Wat valt er te zeggen over de nee-stemmers en hun beweegredenen? Het is opvallend dat ze geografisch gezien waren geconcentreerd in de christelijke gemeenten op de Veluwe en gebieden waar het socialistische gedachtegoed traditioneel sterk is. Verder onderzoek bevestigt dit beeld: er was een duidelijk verband tussen religiositeit, sociale klasse en inkomen aan de ene kant en het nee-stemmen aan de andere. Van de nee-stemmers vond 49 procent dat de integratie niet verder moest gaan. Veel hogere percentages meenden dat de Grondwet de economische groei niet bevorderde en dat de sociale zekerheid erdoor achteruit zou gaan. Slechts 35 procent onderschreef echter de stelling dat Turkije nooit lid van de EU mag worden.

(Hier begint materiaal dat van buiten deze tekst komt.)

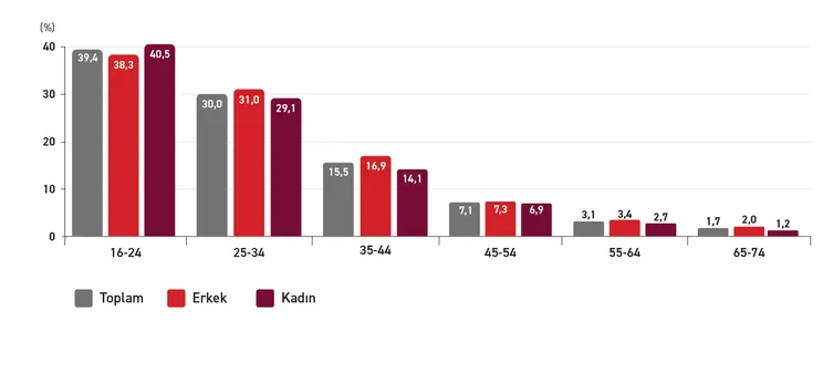 Yaş gruplarına göre yapay zekâ kullanım oranları değerlendirildiğinde, kullanımın özellikle genç yaş gruplarında belirgin biçimde yoğunlaştığı görülmektedir. 16-24 yaş grubunda toplam kullanım oranı %39,4 olup kadınlarda oran %40,5’e yükselirken erkeklerde %38,3 düzeyindedir. Benzer biçimde, 25-34 yaş grubu da %30 civarında bir kullanım oranına sahiptir. Buna karşın, yaş ilerledikçe kullanım oranlarında düzenli bir azalma ortaya çıkmaktadır; 45-54 yaş grubunda oran %7,1’e, 55-64 yaş grubunda %3,1’e ve 65-74 yaş grubunda %1,7’ye gerilemektedir. Bu tablo, yapay zekâ teknolojileriyle etkileşimin genç kuşaklarda daha yaygın olduğunu, yaş arttıkça kullanım eğiliminin belirgin şekilde zayıfladığını göstermektedir.

Uit de verschillende onderzoeksresultaten valt niet af te leiden dat er één heel duidelijke en massaal gedeelde overtuiging aan de nee-stem ten grondslag heeft gelegen. In plaats daarvan was er sprake van een veelheid van argumenten en gevoelens bij voor- zowel als tegenstanders. Verder blijkt dat het 'nee' weinig te maken had met de inhoud van de Grondwet. Dat is voor de politiek, en helemaal voor de voorstanders van het referendum, een benauwende conclusie. Er volgt immers uit dat de interpretaties die de politici aan de uitslag gaven geen enkele basis vinden in de feiten. Dat maakt het referendum als zodanig tot een zinledig instrument van politieke besluitvorming. Louter formeel leverde het wat op: een uitslag. Maar de opvattingen en emoties die aan die uitslag ten grondslag lagen, zijn zo uiteenlopend en verspreid dat er geen geldige politieke koers op valt te baseren.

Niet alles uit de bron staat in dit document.